Chapter 13: Intermission

As the door to his quarters slid open and wished him a pleasant sleep, Chandler reflected that he was really getting to hate going to bed alone.

There were a lot of things he missed about Monica—her gung-ho, aggressive optimism, her smiles (wry, sincere, silly, way too excited, obviously-trying-to-remain-composed-but-still-way-too-excited…and so on), her cooking, her acceptance of his faults and the way she appreciated his sense of humor, for starters—but two of the big ones were going to bed next to her and waking up next to her. He'd gotten used to that reassuring presence that he could always count on to be there, then he'd had it taken away—and now he was having to get used to it being gone.

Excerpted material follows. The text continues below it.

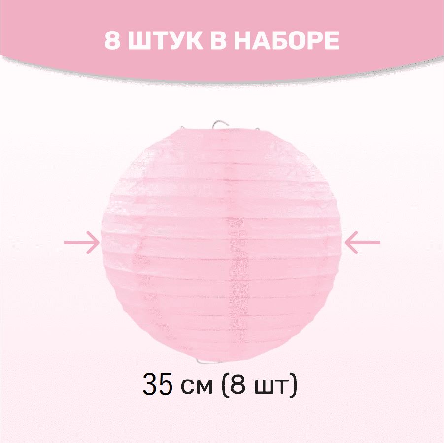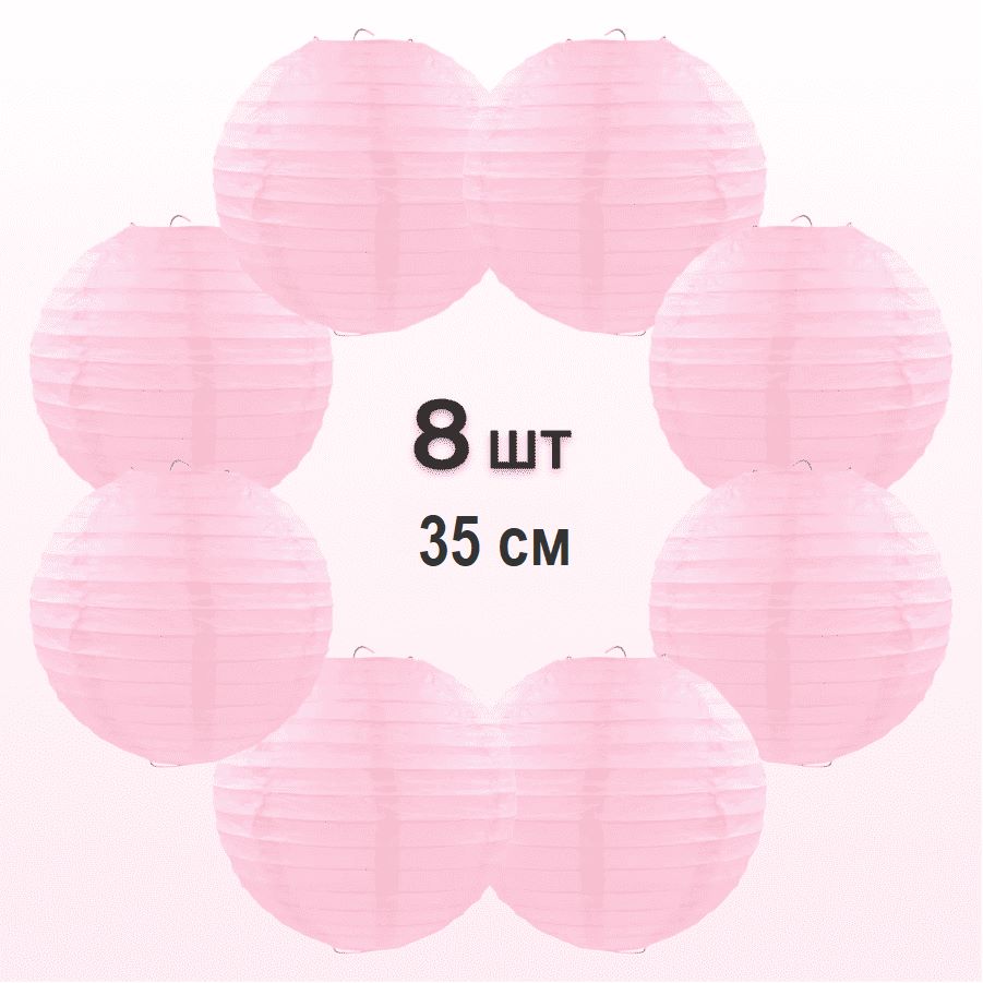 Комплект подвесные фонарики 35 см х 8 шт, розовый

He sat down on the edge of the bed and looked around his room, at the closet door and the bare walls and the space-age contours of the surfaces.

In Lorz's ship, he'd had a window that looked out into the black of space, and sometimes that helped him get to sleep. Of course, he couldn't make out anything other than blinking clusters of stars and maybe little dots of planets in the void, but he liked to look out in the window and wonder if he wasn't at least looking in the direction of where Monica would be if they were in the same universe. Looking in the direction of where the Earth used to be. He wondered if there had been a Chandler and a Monica in this universe, and if they had gone to London before the Earth had been demolished.

He looked at the windowless cold-white walls of the Heart of Gold and sighed.

He went to bed that night without telling anyone how much it hurt to go to bed alone, without another human presence even in the same room.

If this chapter doesn't have any jokes in it, it's because being separated from your loved ones in a cold uncaring universe isn't funny.